- Opening Delimiter -

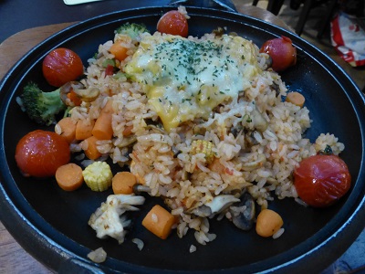 あっさりめに仕上げたトマト風味のピラフはご飯ものにしてはそんなに重くない。
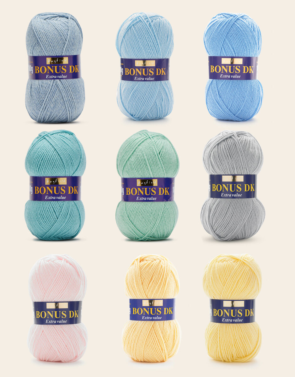 1 x Hayfield Bonus DK Sky Marl 1 x Hayfield Bonus DK Powder Blue 1 x Hayfield Bonus DK Bluebell 1 x Hayfield Bonus DK Lagoon Blue 1 x Hayfield Bonus DK Gentle Jade 1 x Hayfield Bonus DK Silver Mist 1 x Hayfield Bonus DK Peaches 1 x Hayfield Bonus DK Lemon 1 x Hayfield Bonus DK Primrose
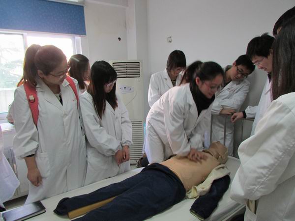 培训分为理论指导和技能培训两个部分,理论指导采用集中讲座的形式由一附院临床教学部主任李增林主讲,李增林主要从病例书写基本规范和临床问诊等方面对学生进行指导,并结合自己的临床和带教经验交代了在临床实习当中的一些注意事项。另外,该院2010级所有学生还采用小组教学的方式,参加了由一附院一线教师示范的体格检查、穿脱隔离衣、外科洗手和心肺复苏四项基本临床技能的培训。
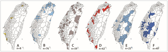 According to the classification of practical organizations based on the six clusters, the two clusters near the left, A and B, are deeply influenced by industrial and commercial development, as they contain a very high proportion of the industrial and commercial sectors but a low proportion of the farming population. Thus, they are named as follows: Cluster A is the urban farming group, and Cluster B is the suburban farming group, indicating that the agricultural business of the area is set for consumption and environmental leisure, respectively. Clusters E and F on the right have the larger agricultural area and a higher proportion of insured farmers. They can be defined as traditional agricultural areas and belong to the farming cluster. There is a clear overlap between the two clusters, indicating that several TFAs may meet their respective conditions in terms of subcluster indicators. Clusters C and D, on the other hand, are between the urban farming cluster and the crop farming cluster and can be defined as the transition farming clusters. Cluster C has more agricultural land resources but a lower proportion of insured farmers, whereas Cluster D has fewer agricultural land resources but a higher proportion of insured farmers. The spatial distribution of the six subsets can be represented in Figure 3.
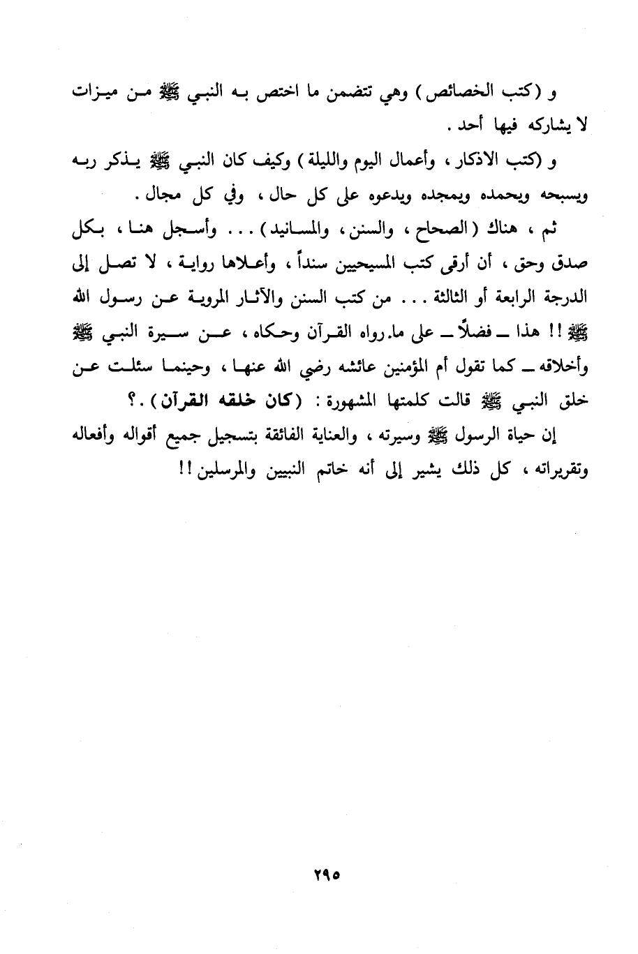 و (كتب الخصائص) وهي تتضمن ما اختص به النبي صلى الله عليه وسلم من ميزات لا يشاركه فيها أحد.

- Closing Delimiter -

Strip out the pictures and repeat the listing above exactly.

 あっさりめに仕上げたトマト風味のピラフはご飯ものにしてはそんなに重くない。
 1 x Hayfield Bonus DK Sky Marl 1 x Hayfield Bonus DK Powder Blue 1 x Hayfield Bonus DK Bluebell 1 x Hayfield Bonus DK Lagoon Blue 1 x Hayfield Bonus DK Gentle Jade 1 x Hayfield Bonus DK Silver Mist 1 x Hayfield Bonus DK Peaches 1 x Hayfield Bonus DK Lemon 1 x Hayfield Bonus DK Primrose
 培训分为理论指导和技能培训两个部分,理论指导采用集中讲座的形式由一附院临床教学部主任李增林主讲,李增林主要从病例书写基本规范和临床问诊等方面对学生进行指导,并结合自己的临床和带教经验交代了在临床实习当中的一些注意事项。另外,该院2010级所有学生还采用小组教学的方式,参加了由一附院一线教师示范的体格检查、穿脱隔离衣、外科洗手和心肺复苏四项基本临床技能的培训。
 According to the classification of practical organizations based on the six clusters, the two clusters near the left, A and B, are deeply influenced by industrial and commercial development, as they contain a very high proportion of the industrial and commercial sectors but a low proportion of the farming population. Thus, they are named as follows: Cluster A is the urban farming group, and Cluster B is the suburban farming group, indicating that the agricultural business of the area is set for consumption and environmental leisure, respectively. Clusters E and F on the right have the larger agricultural area and a higher proportion of insured farmers. They can be defined as traditional agricultural areas and belong to the farming cluster. There is a clear overlap between the two clusters, indicating that several TFAs may meet their respective conditions in terms of subcluster indicators. Clusters C and D, on the other hand, are between the urban farming cluster and the crop farming cluster and can be defined as the transition farming clusters. Cluster C has more agricultural land resources but a lower proportion of insured farmers, whereas Cluster D has fewer agricultural land resources but a higher proportion of insured farmers. The spatial distribution of the six subsets can be represented in Figure 3.
 و (كتب الخصائص) وهي تتضمن ما اختص به النبي صلى الله عليه وسلم من ميزات لا يشاركه فيها أحد.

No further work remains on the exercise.